Wednesday, October 29, 2008

Outhouse Lore

Everybody who grew up in Manassa has heard outhouse stories. We were well acquainted with outhouses as more than two of the homes we lived in in Manassa had no indoor plumbing at one time.

There's many a story of a Halloween prank of tipping outhouses. There was a time that one was tipped over on the door and there was someone inside. Luckily for the pranksters, it was tipped over on the door. The big, wide shouldered man could not get out through the hole in the seat quickly enough to get ahold of them. There's another story of a family that was tired of their outhouse being tipped over each year. They moved the outhouse back about three feet, and a group of would be outhouse tippers became involuntary drop ins. I am not sure at this time of my life which were yarns and which were dramatically enhanced retelling of historically based incidents.
I remember the Sears and Roebuck catalog. The pages were a lot rougher than the soft toilet paper that replaced the catalogs when we began using the porcelain pot in the house. It was also nice to get rid of the canopy under the bed when we finally got indoor plumbing in the house on 3rd street. The outhouse became the shed for the garden tools.

I found this interesting outhouse Web site that shows the wide variety of outhouses. The most intriguing to me is the two story outhouse. I've often wondered what happens to those on the lower floor when the upper floor is in use.

Bonnie some years ago created a ceramic likeness of our outhouse in back yard and the moon, the dog, Mom, and Dad. I enjoyed it for a lot of years. It now hangs in Andrea's home. Maybe we can talk her into taking a snapshot of it to share. I thought Bonnie succeeded in capturing the essentials of successful outhouse use in a few pieces of clay.


This portion posted by Andrea:
This is part of the ceramic creation that Bonnie made and I have hanging in my bathroom. Unfortunately, shortly after this picture was taken G'pa perished by way of vibration from my new bathroom cabinet. He fell off the wall and landed, all of him, in the bathtub in about 100 pieces. :*-(

5 comments:

Andrea said...

The outhouse and its parts are on my blogg. Unfortunately, grandpa has perished. :*-(

I had my bathroom redone back in April, and adjusted the setting of the outhouse and G'ma and G'pa and the moon. A little voice in my head told me that I needed to secure G'pa better on the wall and not even two seconds later when I shut the cabinet door under the sink, grandpa crashed into the bathtub. I cried.

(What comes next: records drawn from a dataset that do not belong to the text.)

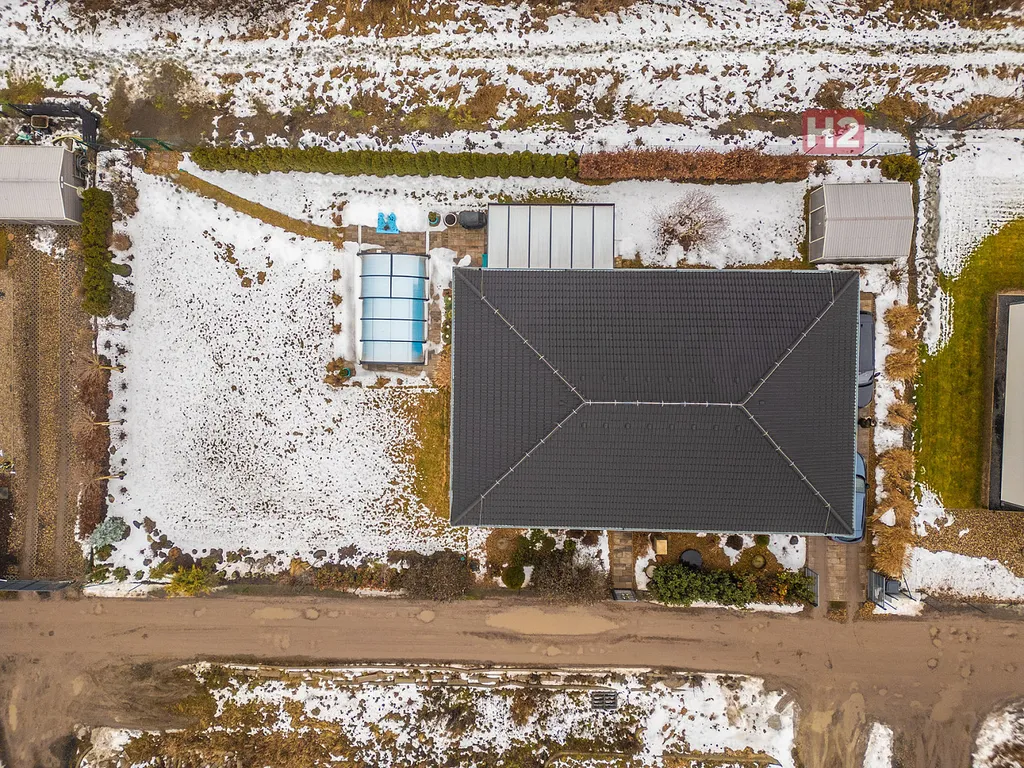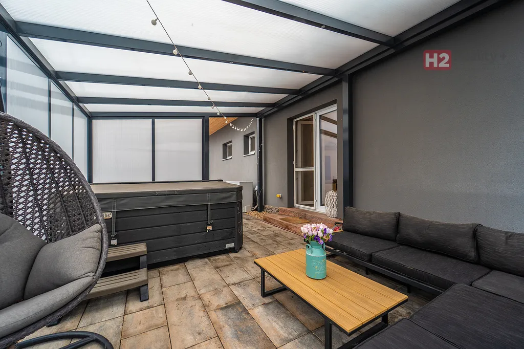 Dispozice domu 4+kk + technická místnost + krytý venkovní prostor k sezení, podlahová plocha 125 m² na pozemku o výměře 765 m², pozemek zatravněný, je k dispozici krytý bazén se slanou vodou (filtrační zařízení uloženo v zemi) a samostatně stojící domek na uskladnění zahradní techniky a nářadí. Stavební materiál cihla a tvárnice, kolaudace rok 2021 - prodává první majitel. V celém domě použity velmi kvalitní materiály, pečlivě vybíráno k maximálnímu uživatelskému pohodlí.
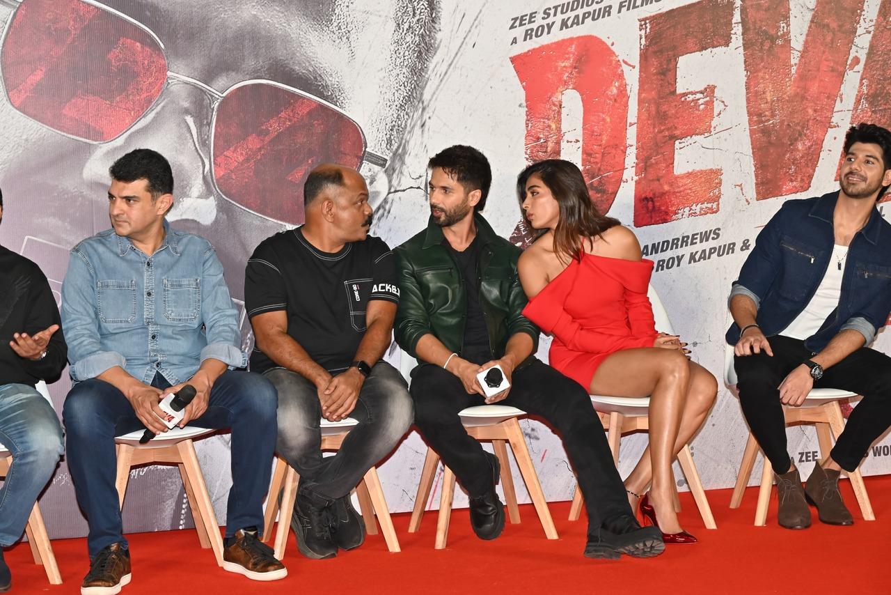 Shahid Kapoor and Pooja Hegde received a warm welcome by fans who danced for them at Deva trailer launch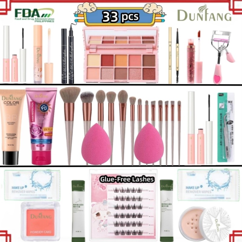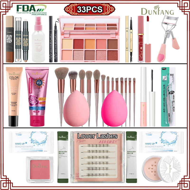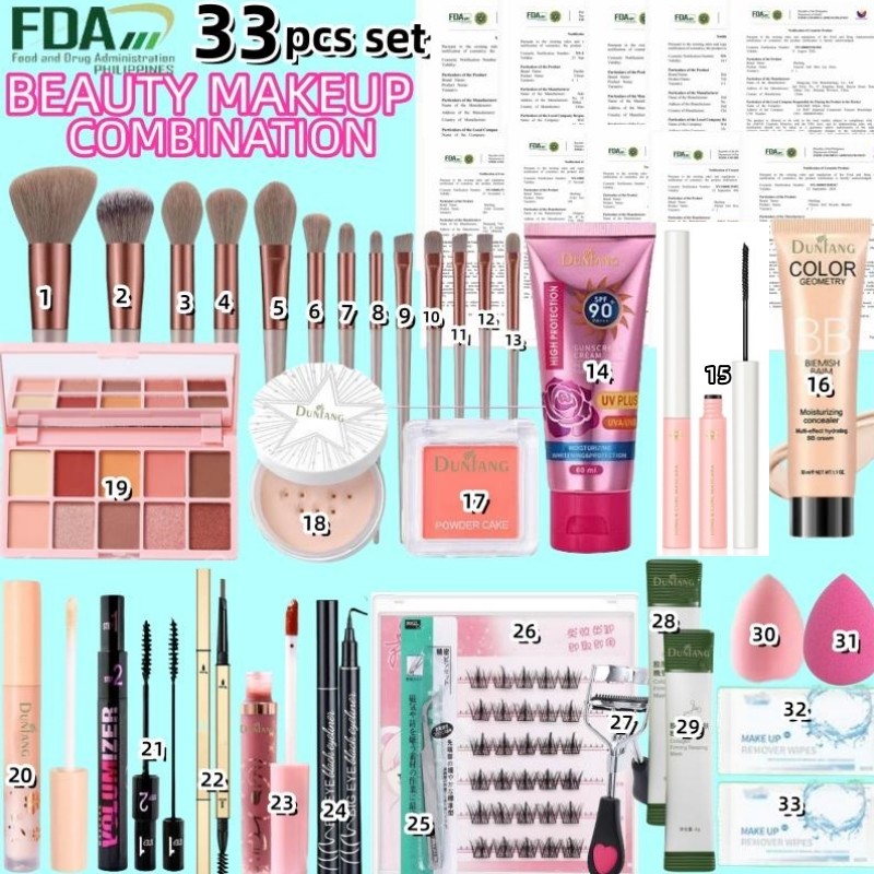 【FDA approval】33PCS Makeup Complete Set 3D Glue-Free False Eyelashes Extension Liquid Foundation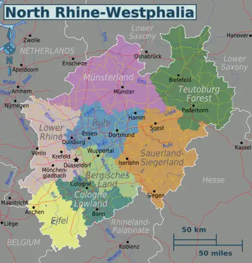 North Rhine-Westphalia (German: Nordrhein-Westfalen) is the most populous state in Germany, with 17.5 million inhabitants, located in the west of the country. It consists of two historically independent parts: Nordrhein, the urbanized area across the river Rhine in the southwest, and Westfalen in the northeast, which is quite diverse as it includes both the heavily industrialized and densely populated Ruhr Valley and the very green Teutoburg Forest.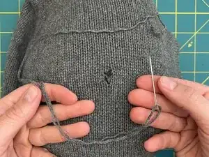 В этом руководстве показано, как исправить дыру в шерстяном свитере Patagonia® методом тканой штопки. Штопка — это ремонтный приём, который воссоздаёт петли для заполнения и укрепления отверстий.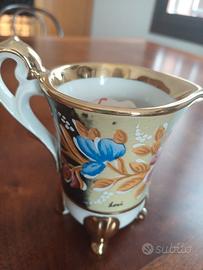 Servizio caffè da 12 completo di caffettiera,zuccheriera,e bricco latte. R. Capidimonte G V ogni pezzo è firmato Dal decoratore "Lori" decorazioni floreali, interni bordi , piedini e manici dorati. Non è mai stato utilizzato.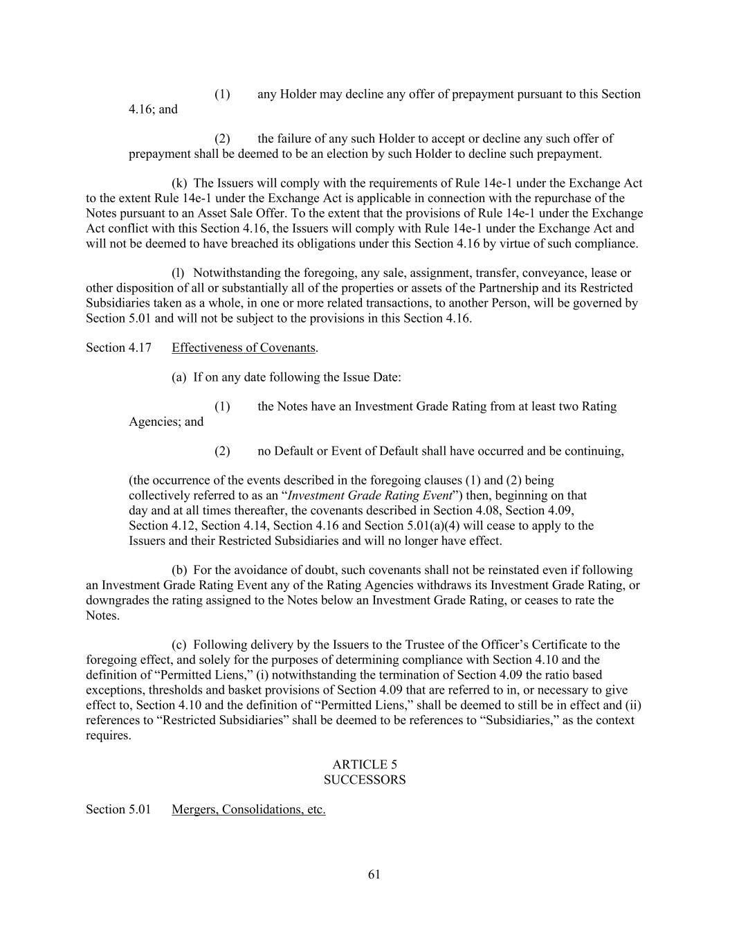 61 (1) any Holder may decline any offer of prepayment pursuant to this Section 4.16; and (2) the failure of any such Holder to accept or decline any such offer of prepayment shall be deemed to be an election by such Holder to decline such prepayment. (k) The Issuers will comply with the requirements of Rule 14e-1 under the Exchange Act to the extent Rule 14e-1 under the Exchange Act is applicable in connection with the repurchase of the Notes pursuant to an Asset Sale Offer. To the extent that the provisions of Rule 14e-1 under the Exchange Act conflict with this Section 4.16, the Issuers will comply with Rule 14e-1 under the Exchange Act and will not be deemed to have breached its obligations under this Section 4.16 by virtue of such compliance. (l) Notwithstanding the foregoing, any sale, assignment, transfer, conveyance, lease or other disposition of all or substantially all of the properties or assets of the Partnership and its Restricted Subsidiaries taken as a whole, in one or more related transactions, to another Person, will be governed by Section 5.01 and will not be subject to the provisions in this Section 4.16. Section 4.17 Effectiveness of Covenants. (a) If on any date following the Issue Date: (1) the Notes have an Investment Grade Rating from at least two Rating Agencies; and (2) no Default or Event of Default shall have occurred and be continuing, (the occurrence of the events described in the foregoing clauses (1) and (2) being collectively referred to as an “Investment Grade Rating Event”) then, beginning on that day and at all times thereafter, the covenants described in Section 4.08, Section 4.09, Section 4.12, Section 4.14, Section 4.16 and Section 5.01(a)(4) will cease to apply to the Issuers and their Restricted Subsidiaries and will no longer have effect. (b) For the avoidance of doubt, such covenants shall not be reinstated even if following an Investment Grade Rating Event any of the Rating Agencies withdraws its Investment Grade Rating, or downgrades the rating assigned to the Notes below an Investment Grade Rating, or ceases to rate the Notes. (c) Following delivery by the Issuers to the Trustee of the Officer’s Certificate to the foregoing effect, and solely for the purposes of determining compliance with Section 4.10 and the definition of “Permitted Liens,” (i) notwithstanding the termination of Section 4.09 the ratio based exceptions, thresholds and basket provisions of Section 4.09 that are referred to in, or necessary to give effect to, Section 4.10 and the definition of “Permitted Liens,” shall be deemed to still be in effect and (ii) references to “Restricted Subsidiaries” shall be deemed to be references to “Subsidiaries,” as the context requires. ARTICLE 5 SUCCESSORS Section 5.01 Mergers, Consolidations, etc.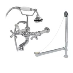 This wall-mounted tub faucet set is the perfect addition to your freestanding or clawfoot bathtub. Each faucet set includes a bathroom wall-mounted British telephone tub faucet, and an extended chain and stopper tub drain. Metal cross handles with porcelain inlays add to the beauty of the faucet.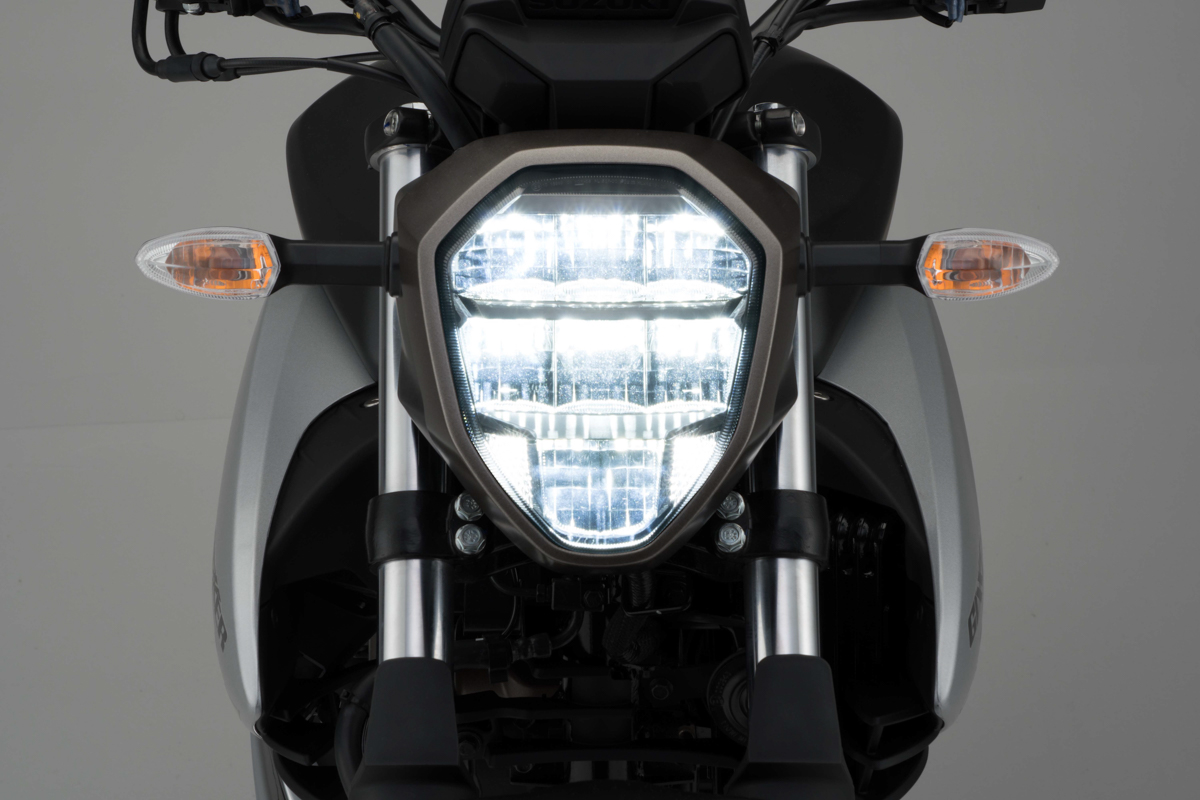 GIXXER 250同樣采用LED燈組的頭燈,造型更加方正更接近街車的設(shè)定。同時(shí)這兩輛車的前后燈具都采用LED燈組,節(jié)能且提高夜間行車安全。
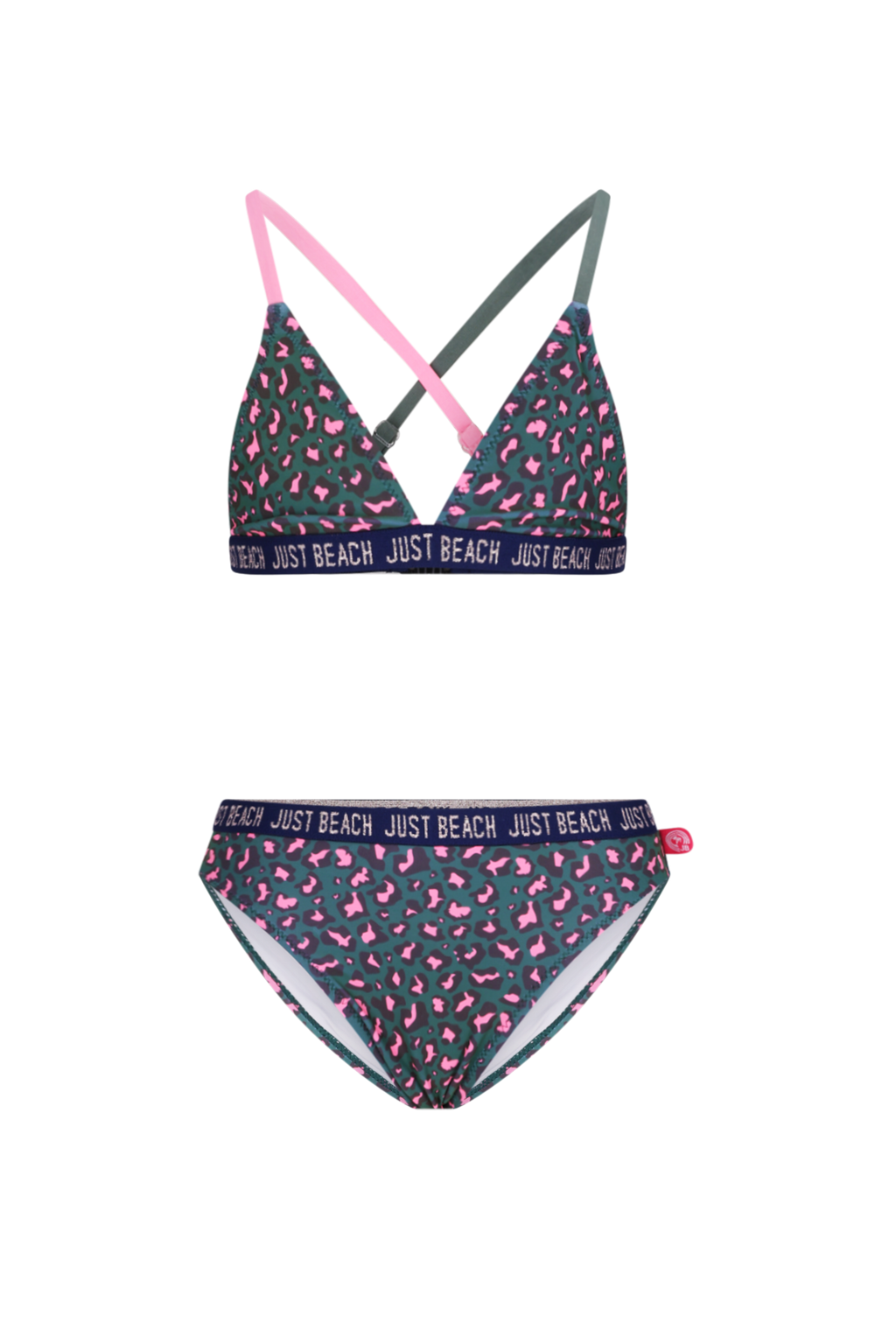 Just Beach glitter elastiek, sluiting aan de achterkant.crossback, verstelbare bandjes, bikini topje heeft padding vanaf maat 152, panterprint met roze vlekjes.

I'll attach the picture just above this post!

Larry said...

I remember a little joke you used to tell. You would take a piece of wetted cloth and hold it carefully in your palm with two fingers and then execute the actions of walking with the other two fingers immitating a person going up the hill to the outhouse. Upon arriving at the outhouse you discover it is busy. Down the hill. Wait. Up the hill and it is still busy. Down the hill and wait. Up the hill. OOPS, too late. and you would squeeze the cloth and leave a little puddle on the hill.

Kent said...

I had forgotten that one. I'll have to try it on Betty before she reads this on the blog.

Andrea, remember that G-pa was just a piece of ceramics. I'll keep my eye open and perhaps we can replace it. If not, you have the picture and your memory. The memory that ties us back to our family is the important part.

Kent said...

Betty fell for it hook, line, and sinker! I had forgotten how fun that can be!!

Gloria said...

I can see the laugher in my mind's eye!